My husband and I are both professionals in the same field and we work together, have all the same hobbies, travel frequently and are together 24/7. For about the past 3 or 4 years my husband and I have sex approximately 5-6 times a year. The infrequent sex we do have now is initiated by my husband and is what I call "guilt sex" because it's usually after I've complained about our sexless marriage so he'll take a pill or roll me over early in the morning while I'm still half asleep and get it over with. After feeling so rejected and angry over this issue, I feel I've lost the chemistry we once shared. It's just fast sex now, not making love like it used to be. Sometimes it even hurts because there's no foreplay and he just forces his penis in when I'm not even expecting it (sometimes I'm sleeping!). He actually thinks I'll enjoy this? He knows better! He used to say all the right things and touch me in all the right ways.

I still crave intimacy so much! I just don't know if I can ever have that with my husband again, too much resentment has built up. I have never tried mastribating; I need to hear the words from someone who cares about me and feel the tender touch to enjoy it. 

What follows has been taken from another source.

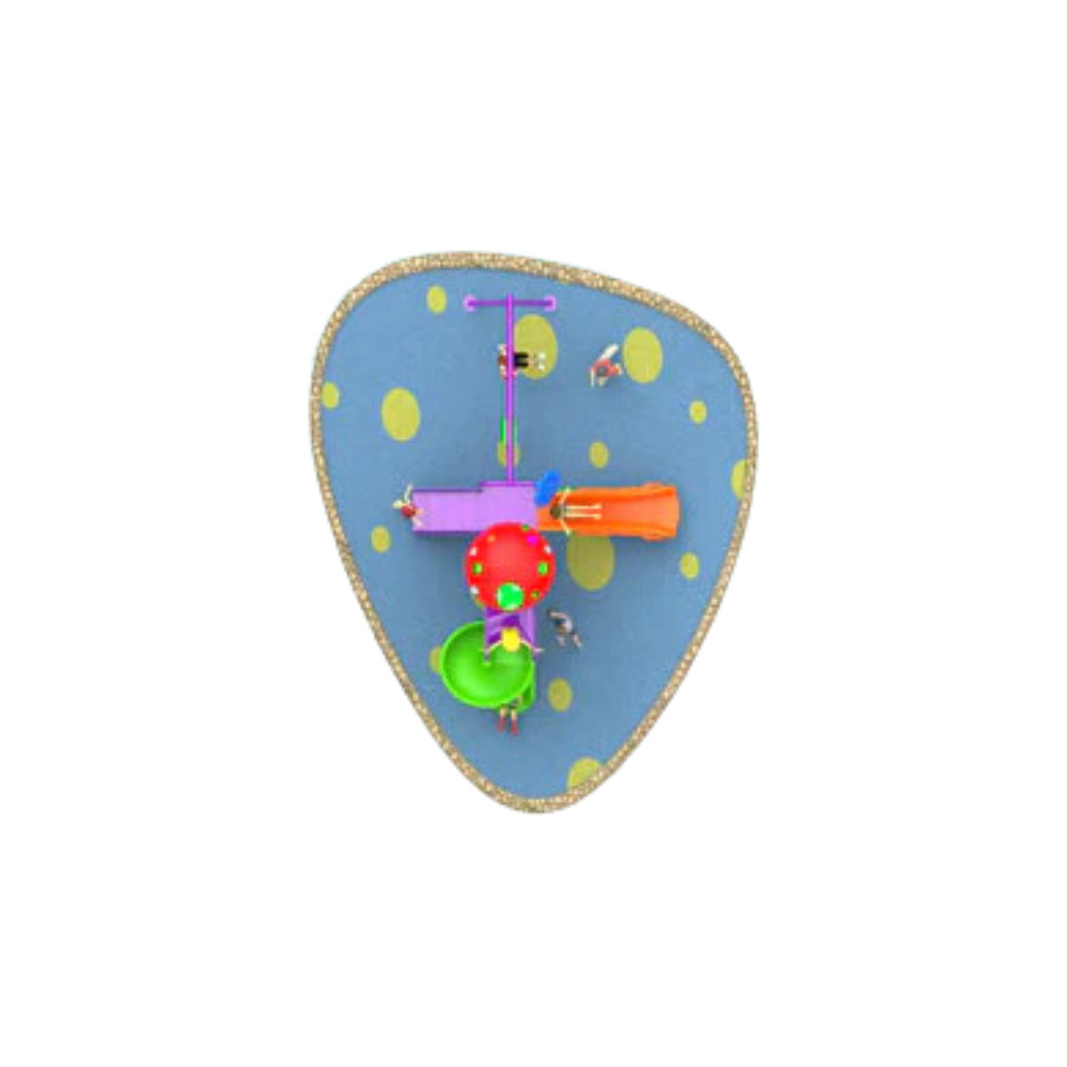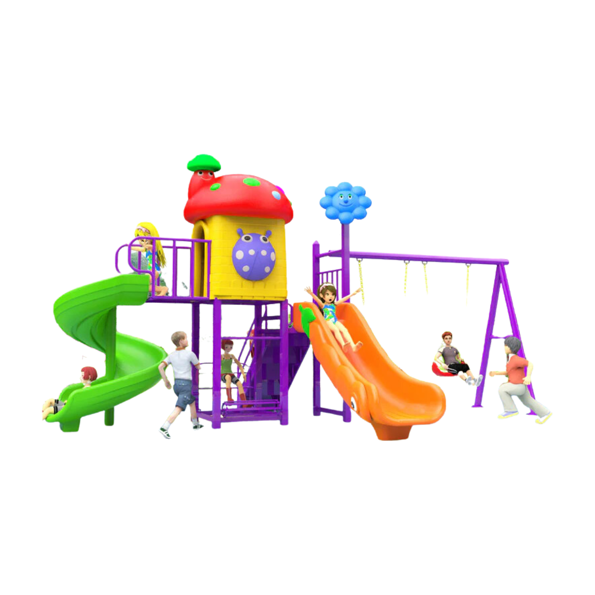 Actividades que incluye: 1 resbaladilla tipo caracol, 1 resbaladilla sencilla, 1 techo de casita hongo, 1 escalera de acceso, 2 columpios de banda y 1 panel.
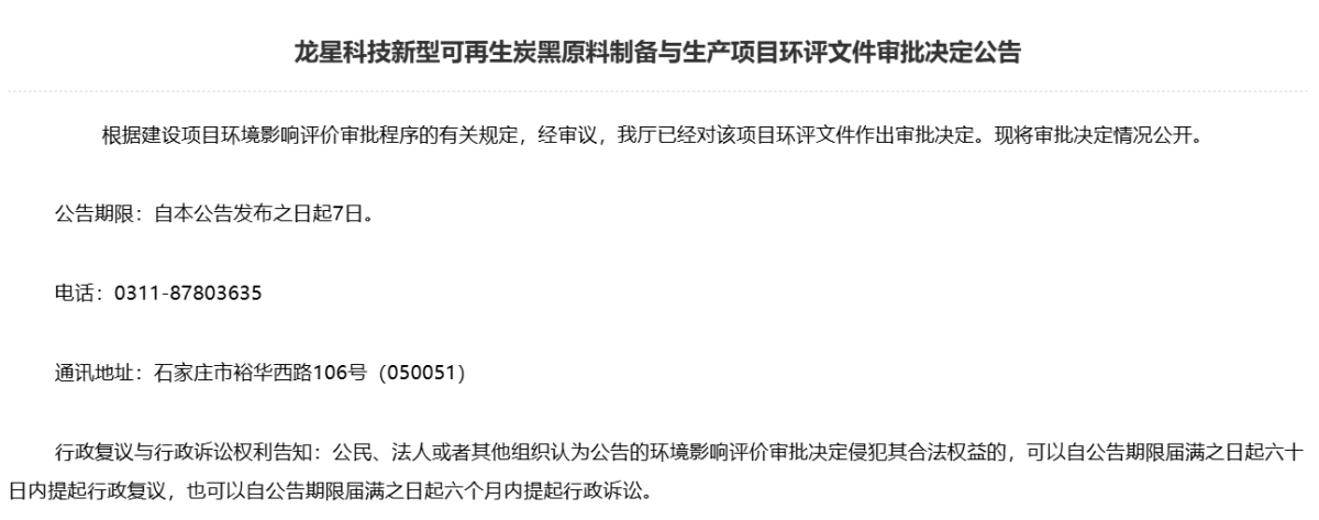 12月12日,龍星科技新型可再生炭黑原料制備與生產(chǎn)項(xiàng)目環(huán)評(píng)文件獲批復(fù)。

I'm really torn because I don't want another failed marriage and am not the type that would ever commit adultery. Am I doomed to never having another orgasim again? A loveless marriage? I'm so lonely and want to be loved so badly. My heart is breaking. I cry almost every night after my husband goes to bed and have even felt suicidal at times because of my depression. I don't know what to do. I am on an anti-depressant which is helping the depression, but the issue causing the depression remains.


----------



## docj (Jun 18, 2009)

Im very sorry to hear. Have you.tried toys?
_Posted via Mobile Device_


----------



## docj (Jun 18, 2009)

I use a testesterone for body building n it has made me feel 18 again. No side effects. Go to GNC and get something. He will like it
_Posted via Mobile Device_


----------



## EleGirl (Dec 3, 2011)

Has he had his hormone levels checked?

Does your husband spend a lot of time on the computer? Does he use porn?


----------



## C3156 (Jun 13, 2012)

So how is the rest of your marriage? Do you all talk, I don't mean chit-chat, but really talk and share what's inside? Communication is vital to a healthy relationship as well as sexual intimacy.

I would recommend some counseling just for you, even if it is a chance for you to just talk about your issues. If you could get your husband to go and actually participate (the weight gain response is bs in my opinion), you might get somewhere. You can lead the horse to water, but you cannot make it drink.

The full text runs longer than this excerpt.